Turkish President Recep Tayyip Erdoğan addresses members of parliament from his ruling AK Party (AKP) during a meeting at the Turkish parliament in Ankara, Turkey, October 9, 2024.
Turkish President Recep Tayyip Erdoğan addresses members of parliament from his ruling AK Party (AKP) during a meeting at the Turkish parliament in Ankara, Turkey, October 9, 2024. (REUTERS/Cagla Gurdogan)

In his essay “The Clash of Civilizations?”, Samuel Huntington famously argued that Turkey was “the most obvious and prototypical torn country.” Huntington held that Turkey was pulled between desires to become European and to assert its influence in the Muslim Middle East and in ethically Turkic Central Asia.
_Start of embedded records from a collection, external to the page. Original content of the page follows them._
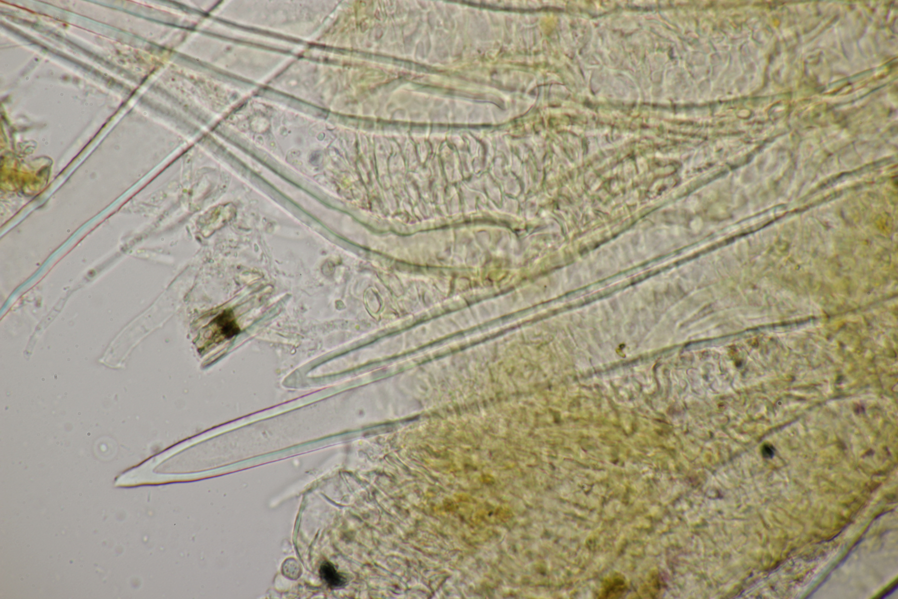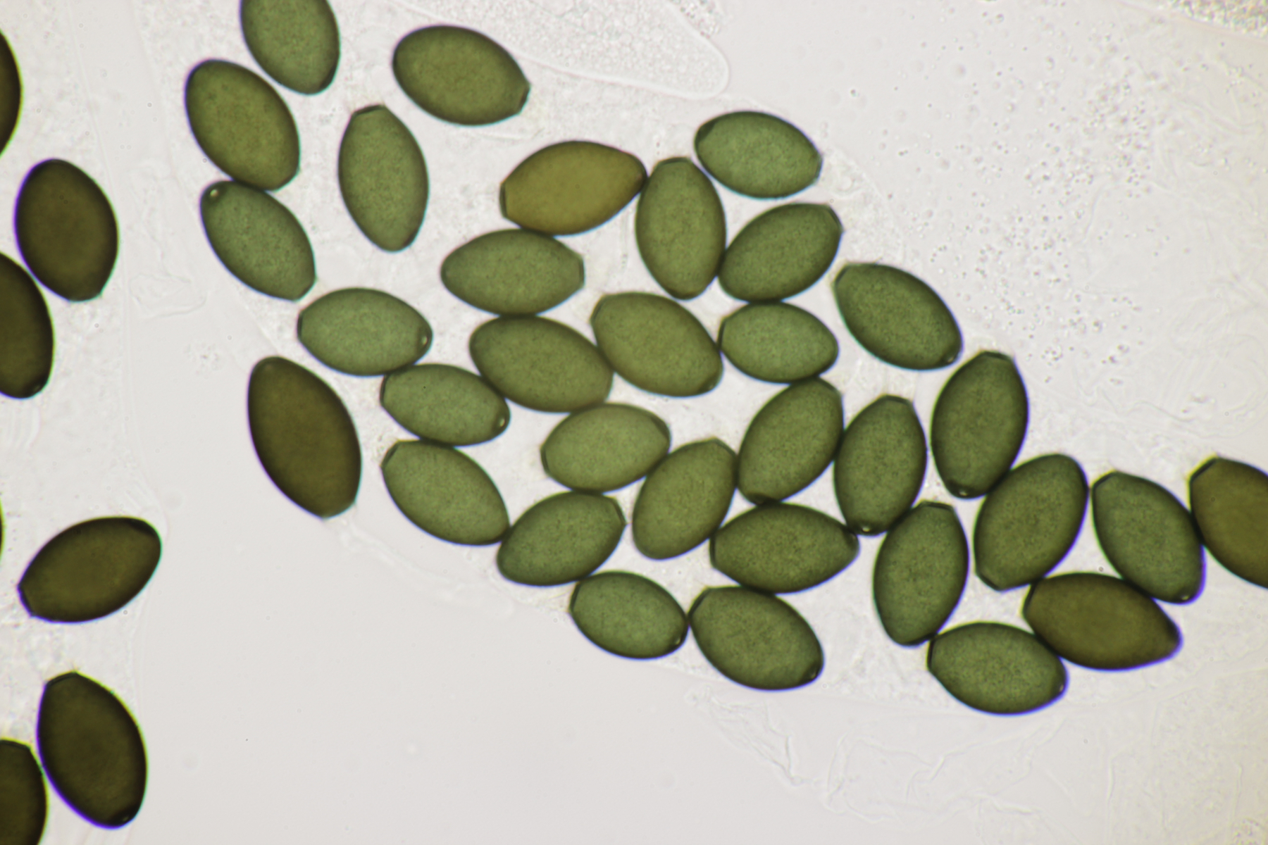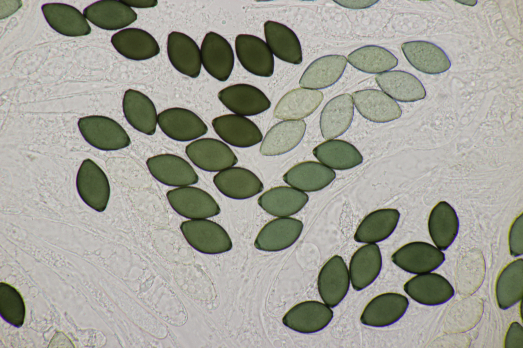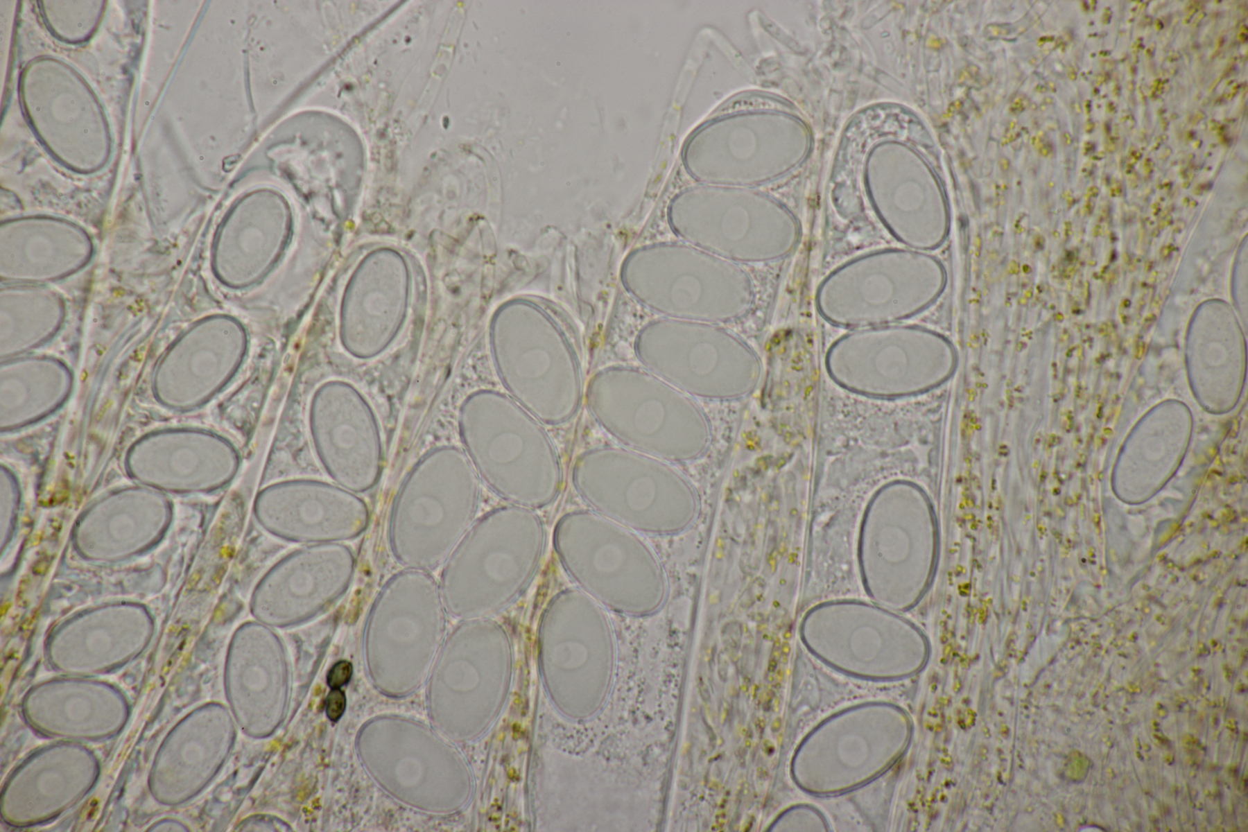 Ein zweiter Fruchtkörper hatte fast identische Sporenmaße von (42.4-47.0) µm x (7.2-8.7) µm. Hier sind die Keimspalten aber offenbar deutlich gerader. Paßt das trotzdem noch zu S. australis? Von den Sporenmaßen her kommt ja sonst nicht viel in Frage...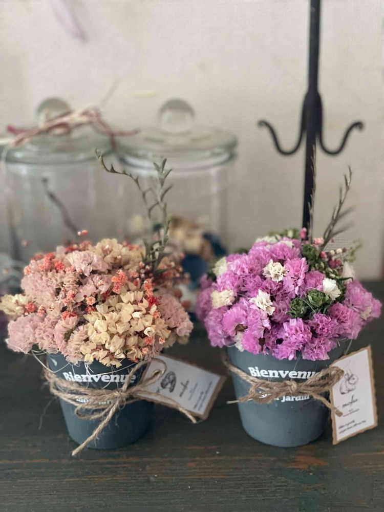 スターチスのセメント鉢アレンジ🌼🌸🌱2つ並べると可愛い🥰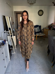 Pure georgette handblock ajrakh top and dupatta 2 piece set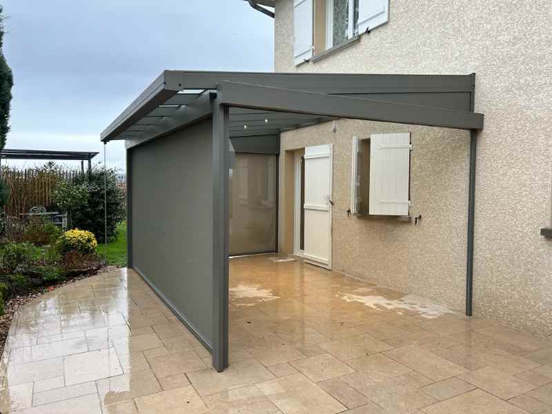 Réalisation d’un carport en aluminium pour camping-car contre une maison à Bourg-en-Bresse dans L’Ain par l’entreprise Heinrich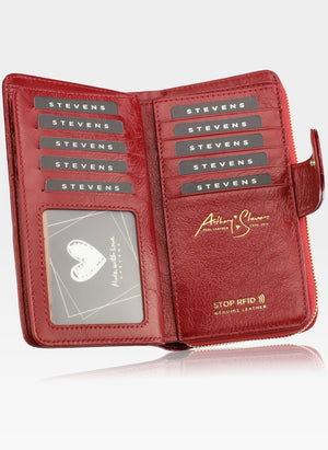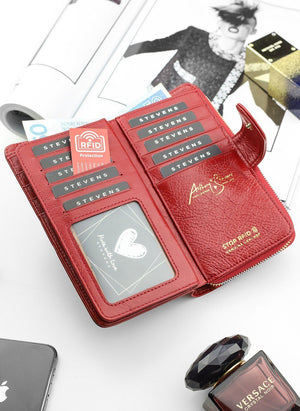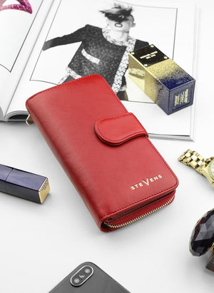 Moteriška odinė piniginė STEVENS su užtrauktuku ir RFID apsauga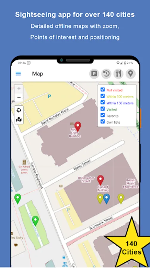 Functional cutout: Reading aloud of sights, offline maps, list view, search function, history view, city change, favorites, data protection!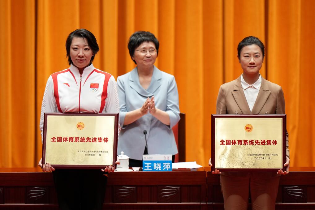 11月10日,北京市先農壇體育運動技術學校校長丁寧(右)、國家藝術體操隊集體組教練孫丹(左)在全國群眾體育先進及體育系統先進表彰大會上接受表彰。新華社記者 江漢 攝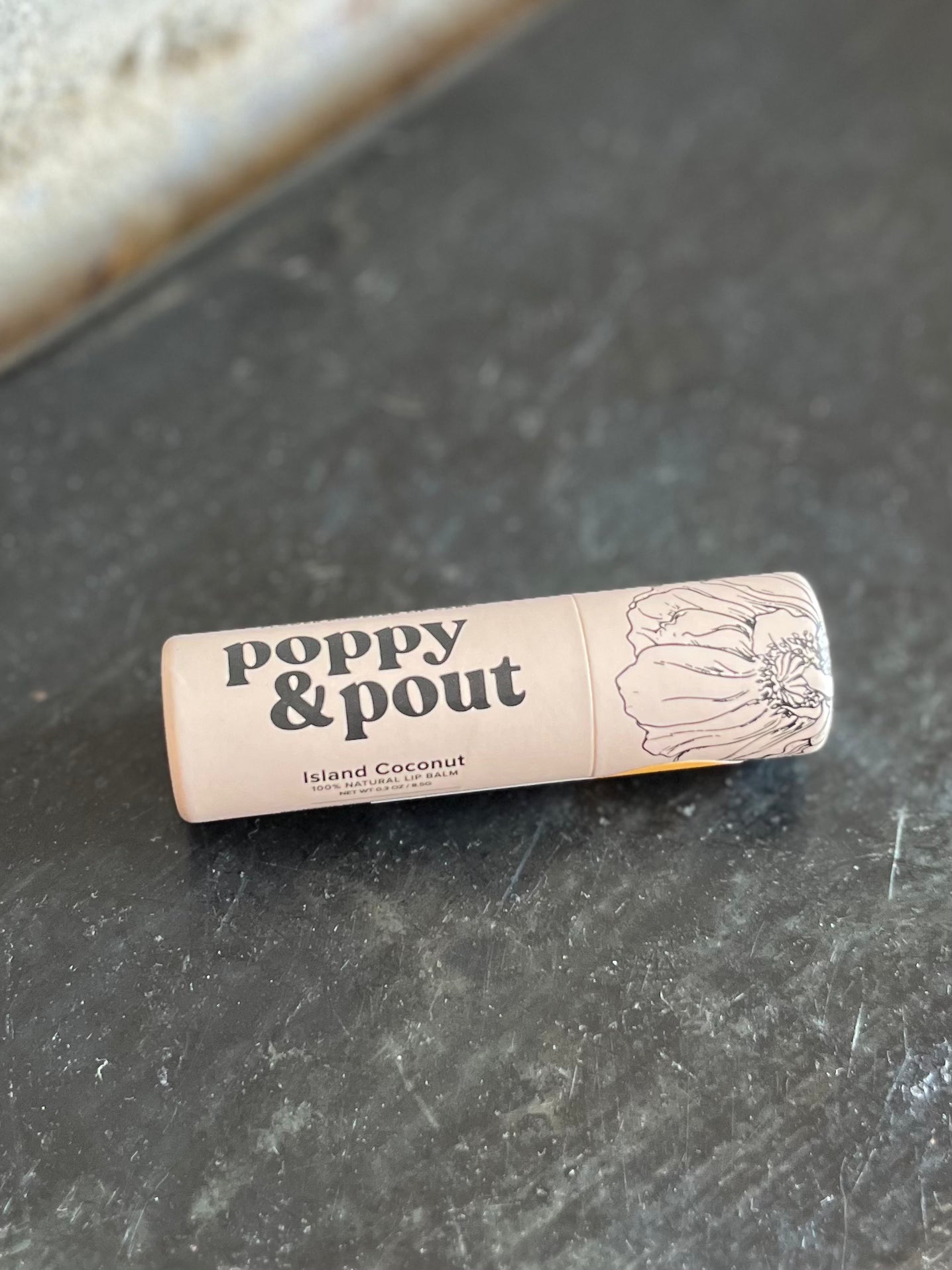 -about poppy & pout We have been making our all-natural lip care products by hand in idaho since 2014. Our lip balms are made from ethically sourced beeswax, organic coconut oil, and sunflower oil. We then add a hint of essential oils and/or natural flavor oils and a drop of vitamin e. That's it! Simple ingredients for perfectly hydrated lips.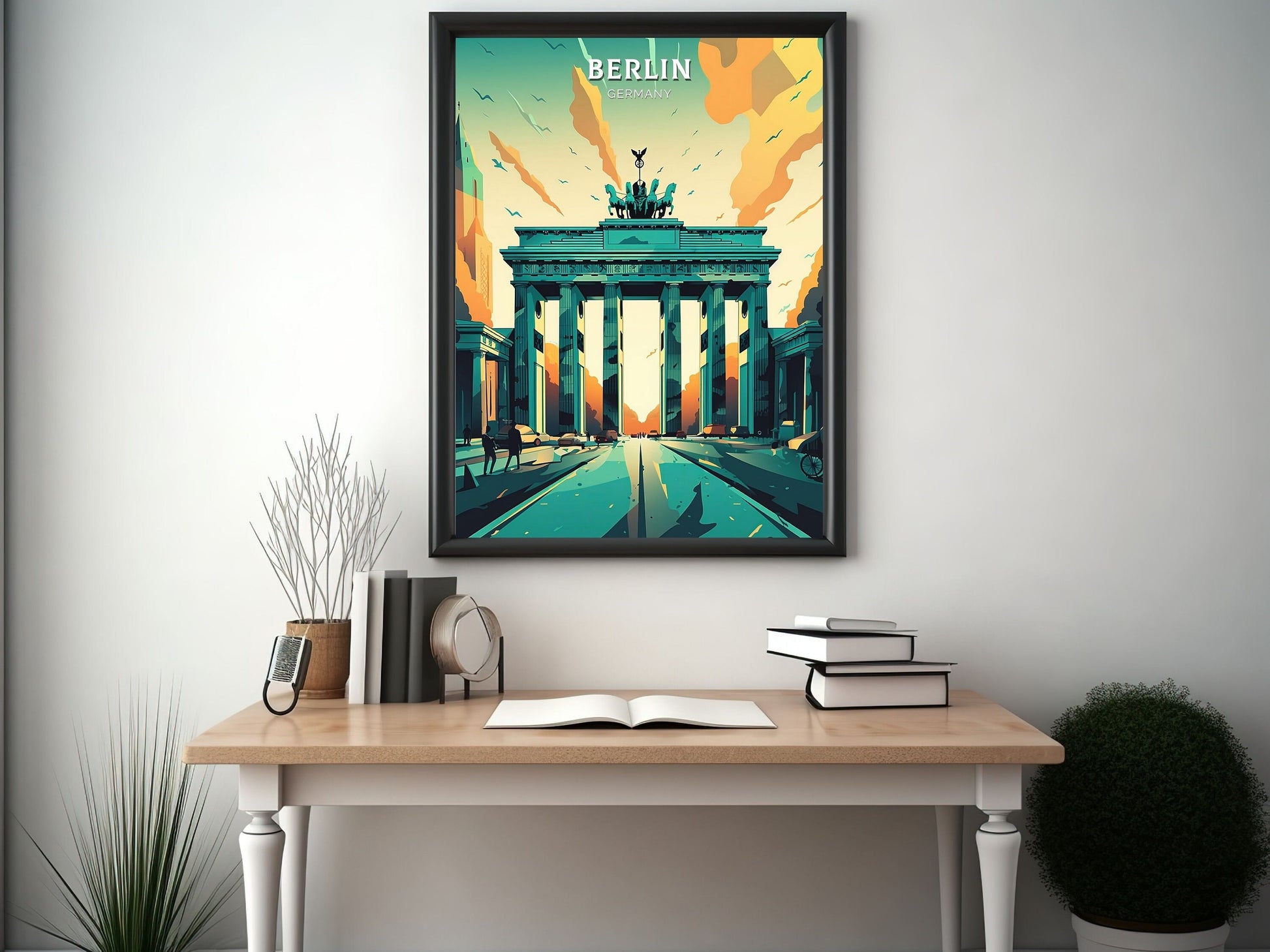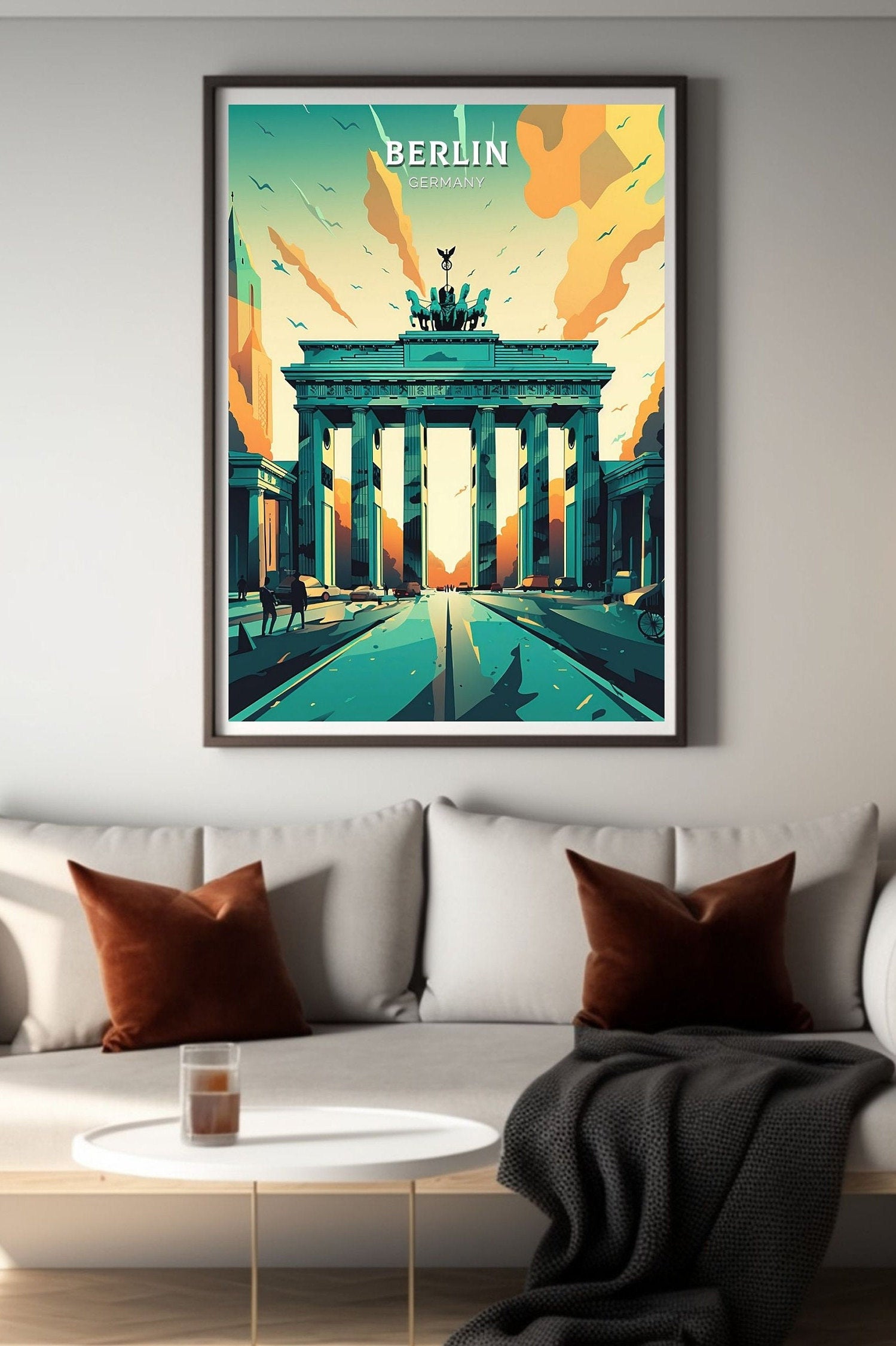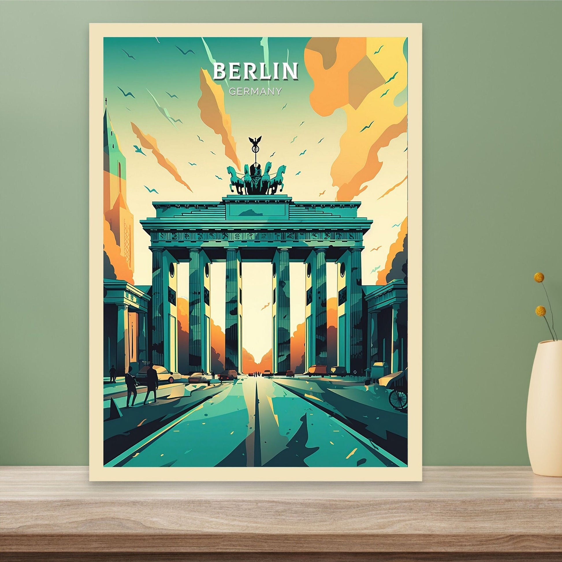 Célébrez la grandeur de l'un des monuments les plus emblématiques d'Allemagne avec cette élégante affiche de voyage de Berlin , représentant la Porte de Brandebourg dans toute sa beauté néoclassique. Cette œuvre détaillée capture le cœur historique de Berlin, symbolisant l'unité, la résilience et le riche héritage culturel de la ville.

In a September 2024 speech, President Recep Tayyip Erdoğan tried to dispel long-held concerns among Turkey’s Western allies that it was drifting from the West: “Of course, our face is turned to the West, but this certainly does not mean that we will turn our backs on the East, that we will ignore the East, or not improve our ties with the East.”

Even though many Turks want their country to deepen its ties with Muslim and Turkic nations, they nonetheless overwhelmingly favor a Western orientation. According to a recent Pew Research Center survey, Turks see the European Union (EU) and NATO more positively than other world powers. A majority, 56%, favor Turkey becoming a member of the European Union, and Turks have become more positive in their views of NATO since Russia’s invasion of Ukraine, with 42% now holding a favorable view of the defense alliance.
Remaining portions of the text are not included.